• Goal of the exercise:
Copied exactly and without pictures, the lines from the beginning of the entries through the one that holds "暗号専門アパレル「トキキル」" should form the entire reply.

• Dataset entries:
Start of Block

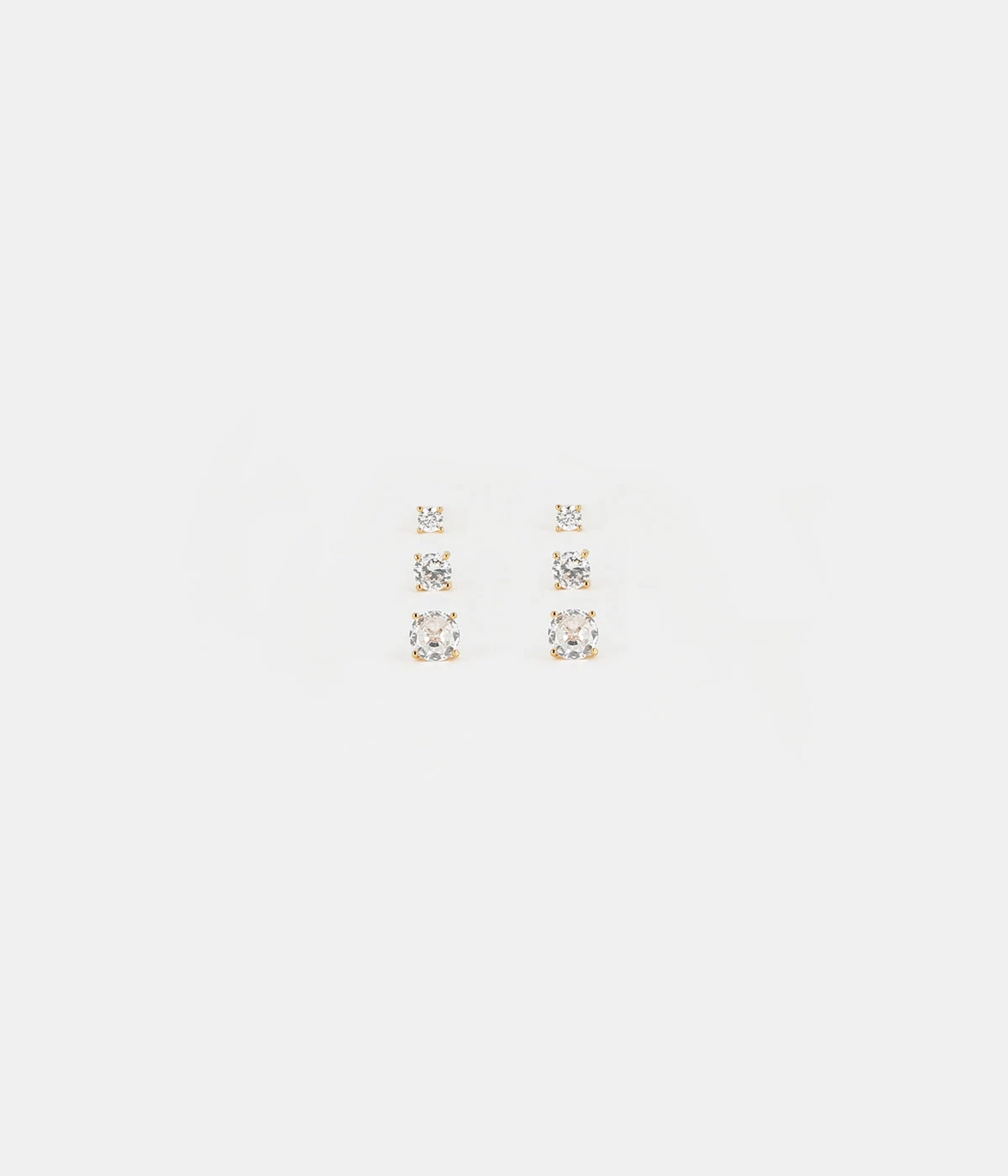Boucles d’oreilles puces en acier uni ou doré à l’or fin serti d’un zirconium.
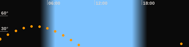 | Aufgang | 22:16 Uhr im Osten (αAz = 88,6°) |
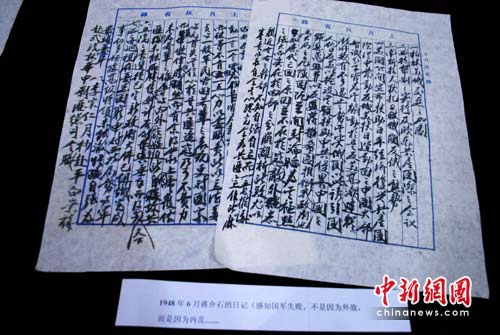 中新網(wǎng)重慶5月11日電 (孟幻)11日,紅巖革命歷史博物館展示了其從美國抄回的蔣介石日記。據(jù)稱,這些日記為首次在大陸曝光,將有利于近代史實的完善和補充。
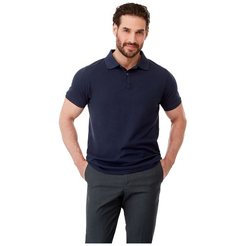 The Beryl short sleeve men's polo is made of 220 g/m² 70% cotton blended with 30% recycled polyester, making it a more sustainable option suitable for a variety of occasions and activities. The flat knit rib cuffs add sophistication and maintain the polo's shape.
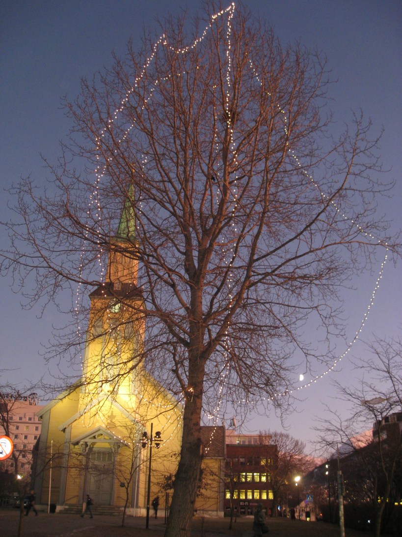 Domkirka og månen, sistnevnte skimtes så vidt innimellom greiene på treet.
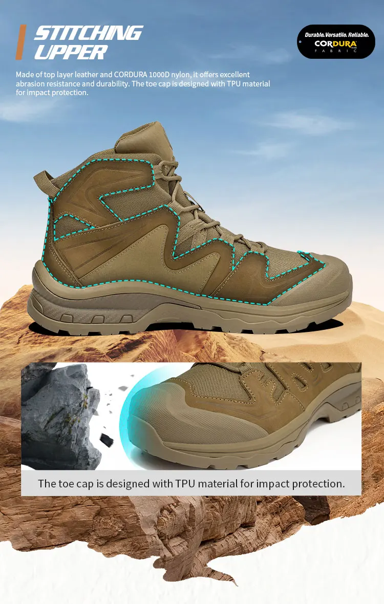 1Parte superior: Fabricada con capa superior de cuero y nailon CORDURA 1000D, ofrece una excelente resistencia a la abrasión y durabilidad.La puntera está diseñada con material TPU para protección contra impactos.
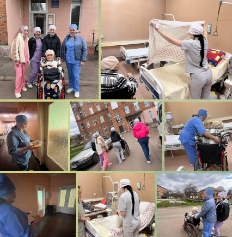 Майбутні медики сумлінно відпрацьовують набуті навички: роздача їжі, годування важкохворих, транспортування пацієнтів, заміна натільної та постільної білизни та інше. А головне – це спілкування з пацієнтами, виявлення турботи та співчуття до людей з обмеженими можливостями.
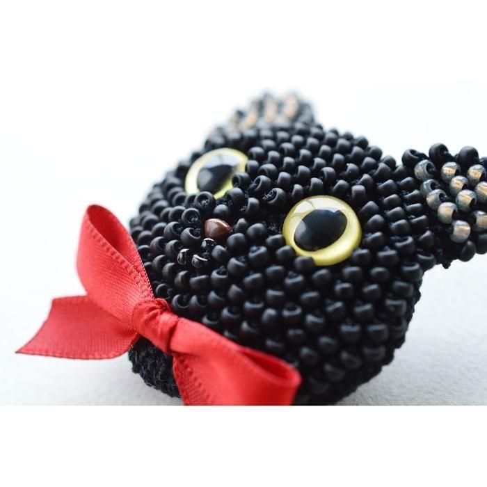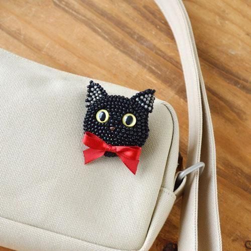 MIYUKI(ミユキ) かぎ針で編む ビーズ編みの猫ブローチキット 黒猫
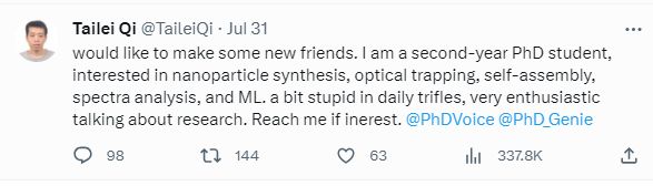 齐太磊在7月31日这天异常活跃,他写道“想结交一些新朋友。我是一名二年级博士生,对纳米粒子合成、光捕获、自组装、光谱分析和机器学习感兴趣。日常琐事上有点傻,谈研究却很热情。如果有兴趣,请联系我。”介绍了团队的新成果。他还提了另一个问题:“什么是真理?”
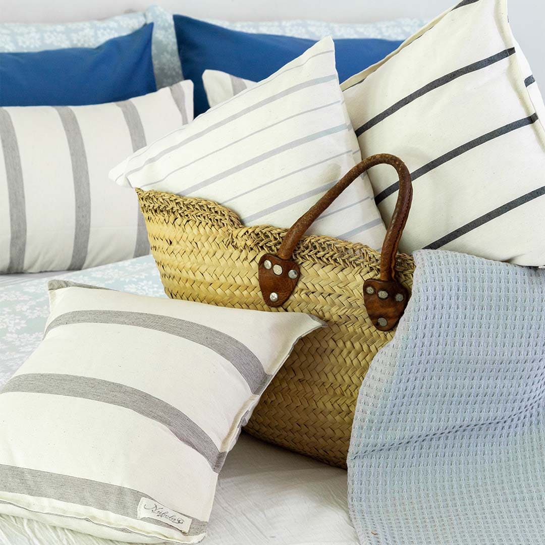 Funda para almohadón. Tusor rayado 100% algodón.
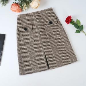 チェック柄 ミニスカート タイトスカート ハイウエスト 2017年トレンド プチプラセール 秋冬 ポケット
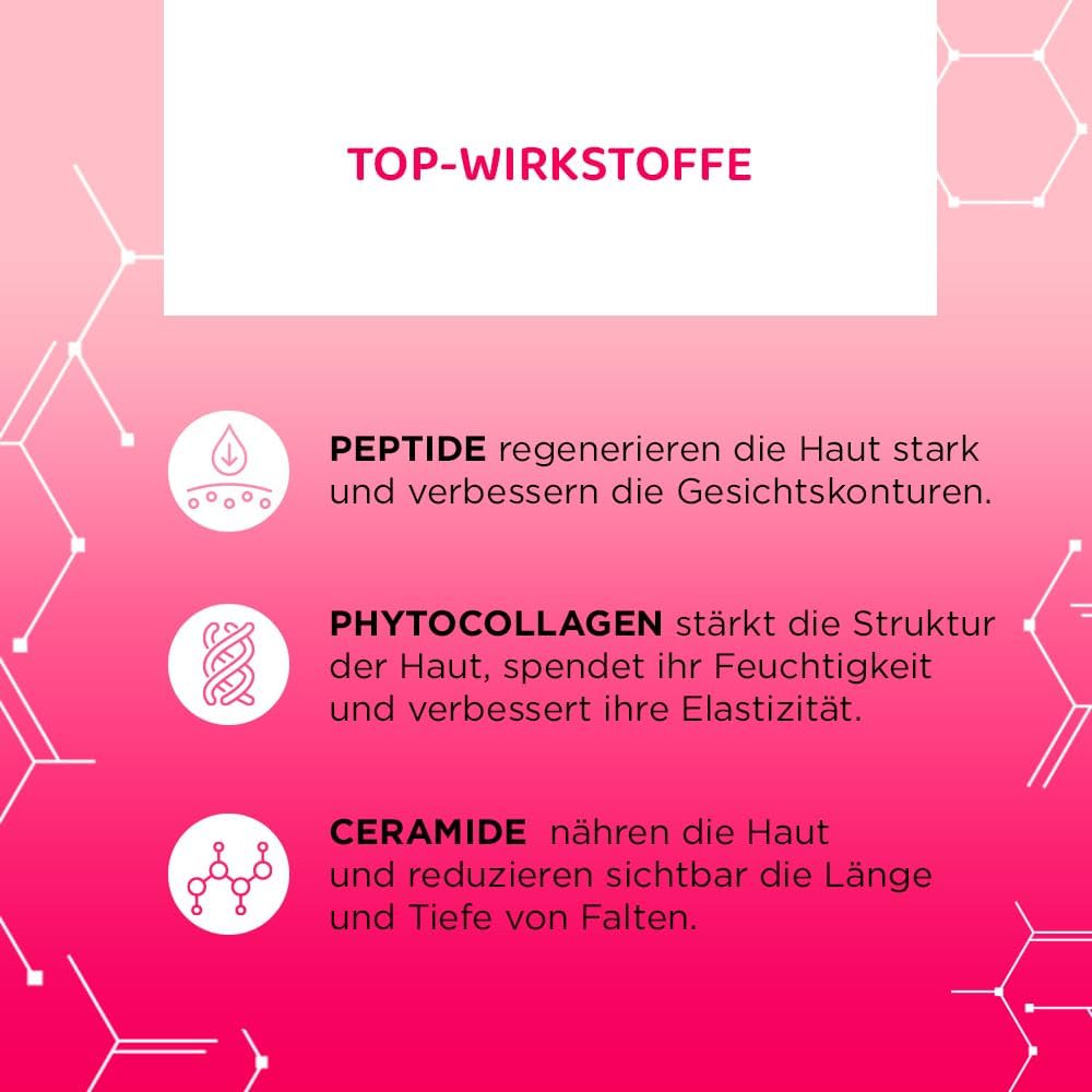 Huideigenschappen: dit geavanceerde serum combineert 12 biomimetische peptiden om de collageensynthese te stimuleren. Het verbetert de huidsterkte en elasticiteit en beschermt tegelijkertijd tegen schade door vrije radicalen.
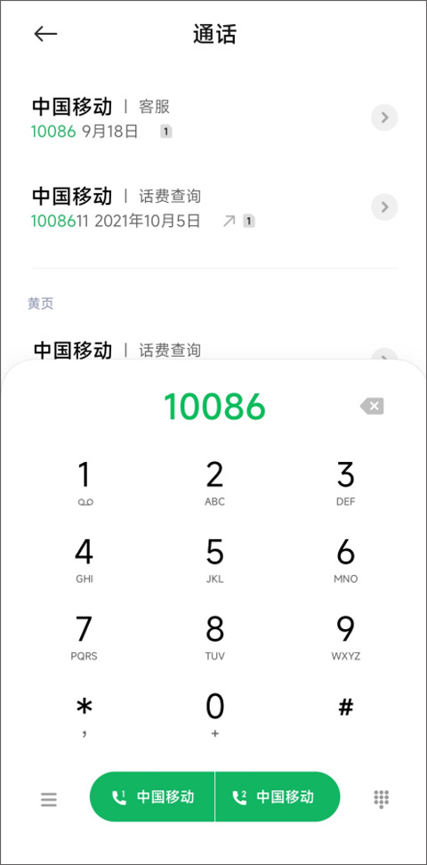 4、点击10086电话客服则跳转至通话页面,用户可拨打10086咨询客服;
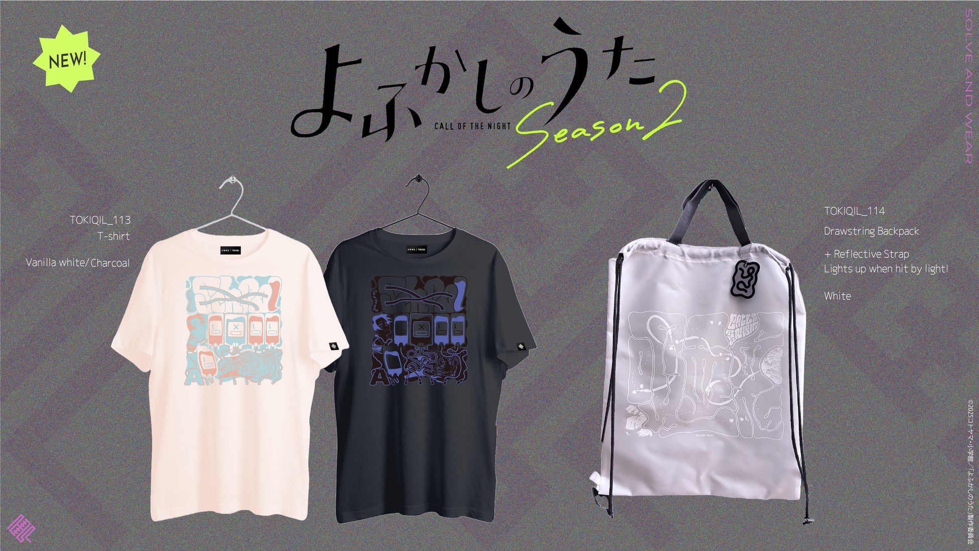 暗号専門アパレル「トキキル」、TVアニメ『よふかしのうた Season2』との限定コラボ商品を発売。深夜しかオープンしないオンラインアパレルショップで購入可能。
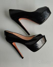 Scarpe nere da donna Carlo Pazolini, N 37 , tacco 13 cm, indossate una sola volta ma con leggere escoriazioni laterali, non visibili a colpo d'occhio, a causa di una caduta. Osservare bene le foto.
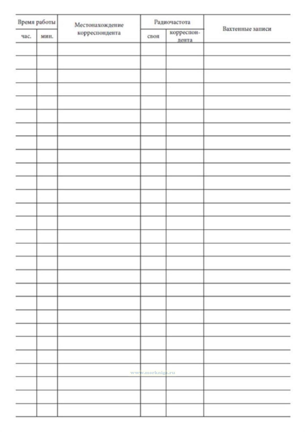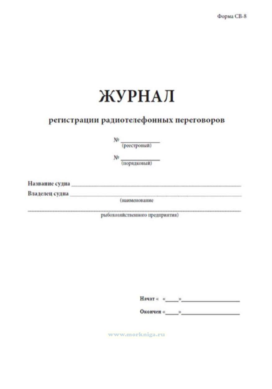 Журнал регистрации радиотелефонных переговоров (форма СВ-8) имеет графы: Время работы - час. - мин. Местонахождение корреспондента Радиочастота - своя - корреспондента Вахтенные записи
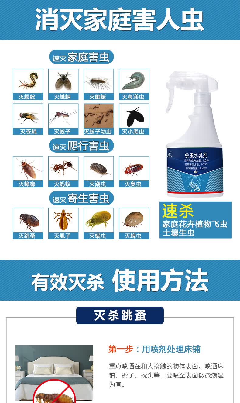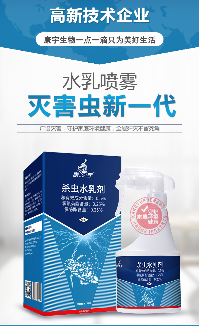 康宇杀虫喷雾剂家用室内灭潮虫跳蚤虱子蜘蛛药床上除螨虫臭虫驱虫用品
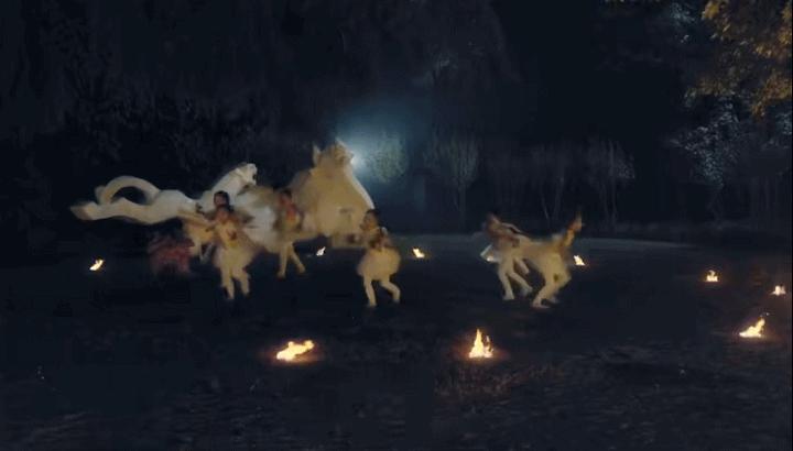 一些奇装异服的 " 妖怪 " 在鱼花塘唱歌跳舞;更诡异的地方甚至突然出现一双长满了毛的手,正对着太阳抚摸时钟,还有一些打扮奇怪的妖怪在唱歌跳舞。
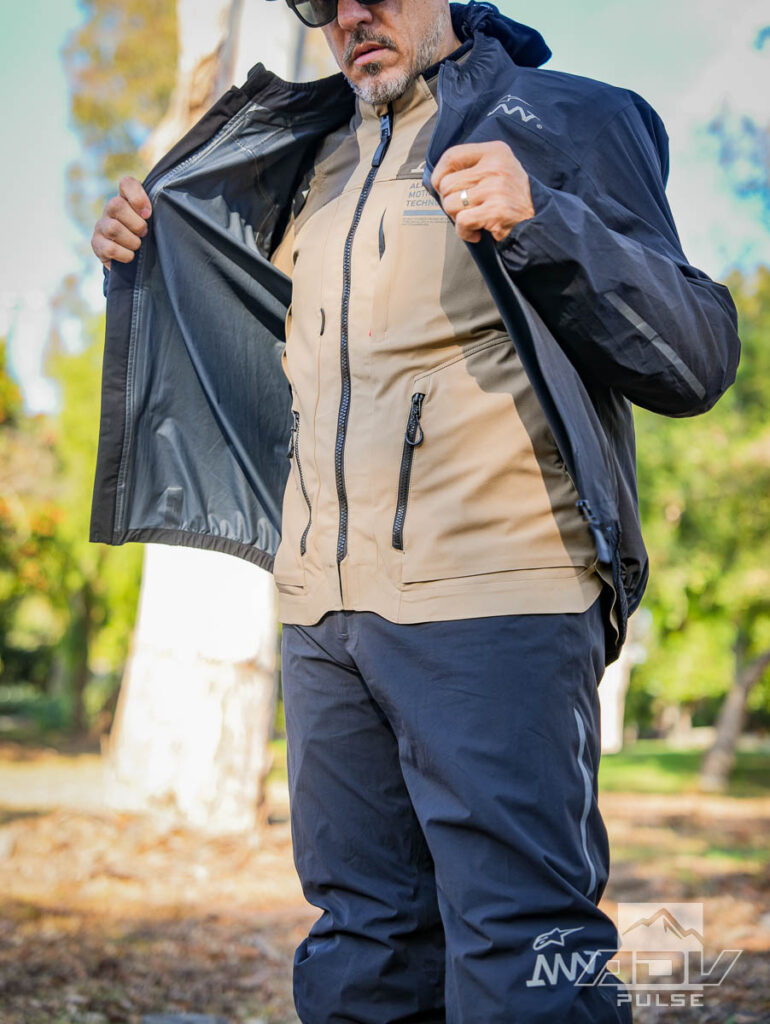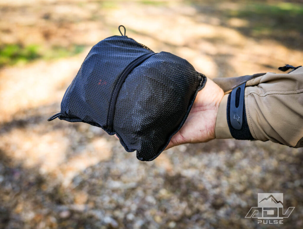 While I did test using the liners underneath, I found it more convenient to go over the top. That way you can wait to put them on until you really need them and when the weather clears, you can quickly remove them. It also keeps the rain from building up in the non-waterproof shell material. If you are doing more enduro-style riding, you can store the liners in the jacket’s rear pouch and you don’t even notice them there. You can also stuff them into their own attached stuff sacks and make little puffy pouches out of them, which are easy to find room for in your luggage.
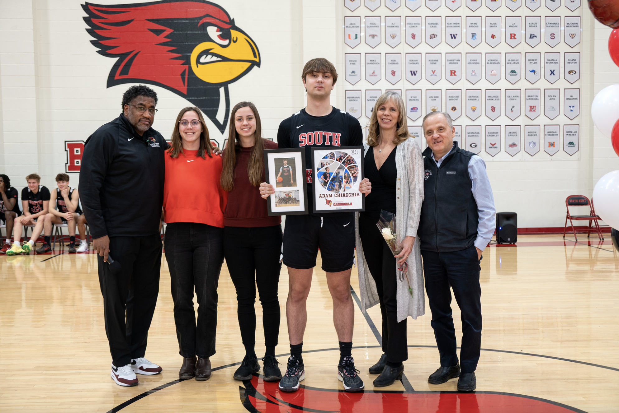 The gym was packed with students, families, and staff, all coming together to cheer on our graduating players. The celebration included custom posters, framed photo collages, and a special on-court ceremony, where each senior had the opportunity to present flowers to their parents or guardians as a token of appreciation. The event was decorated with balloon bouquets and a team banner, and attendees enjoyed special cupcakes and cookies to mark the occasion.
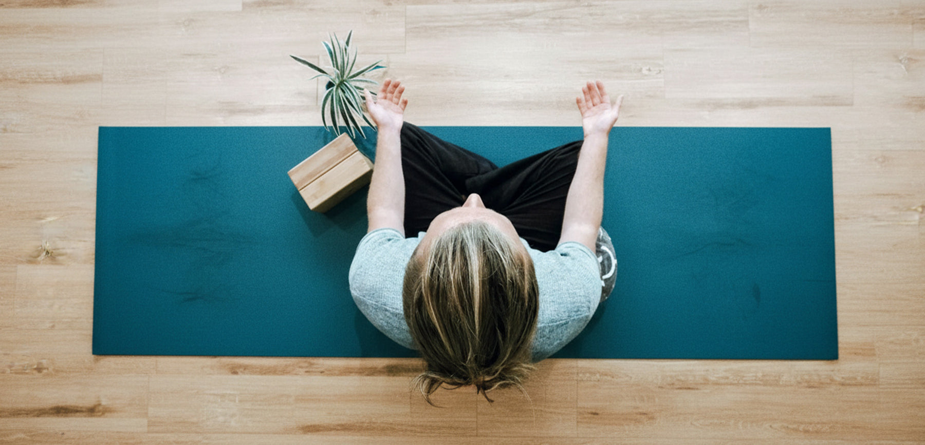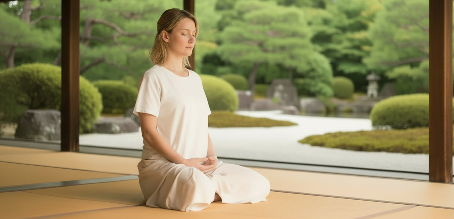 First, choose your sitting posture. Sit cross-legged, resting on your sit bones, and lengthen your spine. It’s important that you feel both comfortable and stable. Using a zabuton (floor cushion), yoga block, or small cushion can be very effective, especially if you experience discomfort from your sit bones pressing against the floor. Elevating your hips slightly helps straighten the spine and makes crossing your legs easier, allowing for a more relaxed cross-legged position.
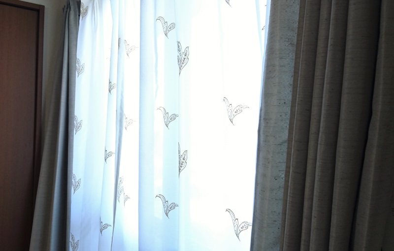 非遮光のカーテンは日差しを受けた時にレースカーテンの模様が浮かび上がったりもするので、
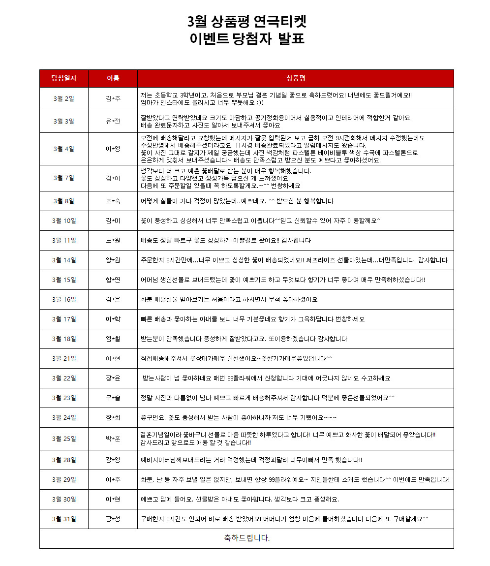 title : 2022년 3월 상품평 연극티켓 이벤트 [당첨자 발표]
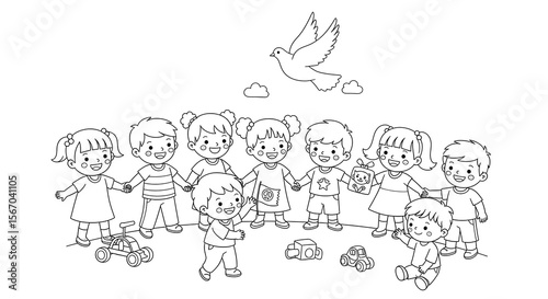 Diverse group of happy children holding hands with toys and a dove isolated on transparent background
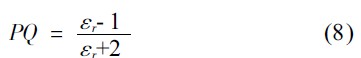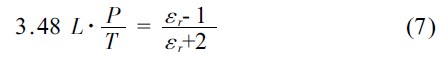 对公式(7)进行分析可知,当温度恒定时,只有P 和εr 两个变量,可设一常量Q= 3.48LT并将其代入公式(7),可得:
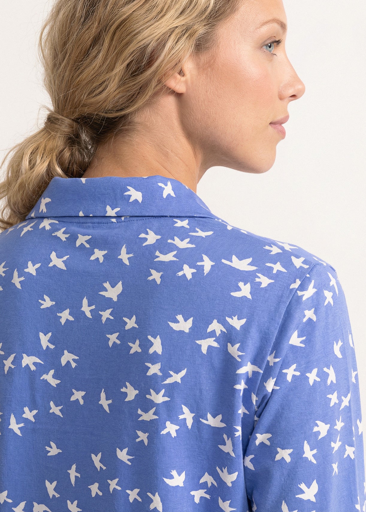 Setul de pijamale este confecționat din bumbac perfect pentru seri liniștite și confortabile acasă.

End of Block

• Solution below:
Boucles d’oreilles puces en acier uni ou doré à l’or fin serti d’un zirconium.
 | Aufgang | 22:16 Uhr im Osten (αAz = 88,6°) |
 中新網(wǎng)重慶5月11日電 (孟幻)11日,紅巖革命歷史博物館展示了其從美國抄回的蔣介石日記。據(jù)稱,這些日記為首次在大陸曝光,將有利于近代史實的完善和補充。
 The Beryl short sleeve men's polo is made of 220 g/m² 70% cotton blended with 30% recycled polyester, making it a more sustainable option suitable for a variety of occasions and activities. The flat knit rib cuffs add sophistication and maintain the polo's shape.
 Domkirka og månen, sistnevnte skimtes så vidt innimellom greiene på treet.
 1Parte superior: Fabricada con capa superior de cuero y nailon CORDURA 1000D, ofrece una excelente resistencia a la abrasión y durabilidad.La puntera está diseñada con material TPU para protección contra impactos.
 Майбутні медики сумлінно відпрацьовують набуті навички: роздача їжі, годування важкохворих, транспортування пацієнтів, заміна натільної та постільної білизни та інше. А головне – це спілкування з пацієнтами, виявлення турботи та співчуття до людей з обмеженими можливостями.
 MIYUKI(ミユキ) かぎ針で編む ビーズ編みの猫ブローチキット 黒猫
 齐太磊在7月31日这天异常活跃,他写道“想结交一些新朋友。我是一名二年级博士生,对纳米粒子合成、光捕获、自组装、光谱分析和机器学习感兴趣。日常琐事上有点傻,谈研究却很热情。如果有兴趣,请联系我。”介绍了团队的新成果。他还提了另一个问题:“什么是真理?”
 Funda para almohadón. Tusor rayado 100% algodón.
 チェック柄 ミニスカート タイトスカート ハイウエスト 2017年トレンド プチプラセール 秋冬 ポケット
 Huideigenschappen: dit geavanceerde serum combineert 12 biomimetische peptiden om de collageensynthese te stimuleren. Het verbetert de huidsterkte en elasticiteit en beschermt tegelijkertijd tegen schade door vrije radicalen.
 4、点击10086电话客服则跳转至通话页面,用户可拨打10086咨询客服;
 暗号専門アパレル「トキキル」、TVアニメ『よふかしのうた Season2』との限定コラボ商品を発売。深夜しかオープンしないオンラインアパレルショップで購入可能。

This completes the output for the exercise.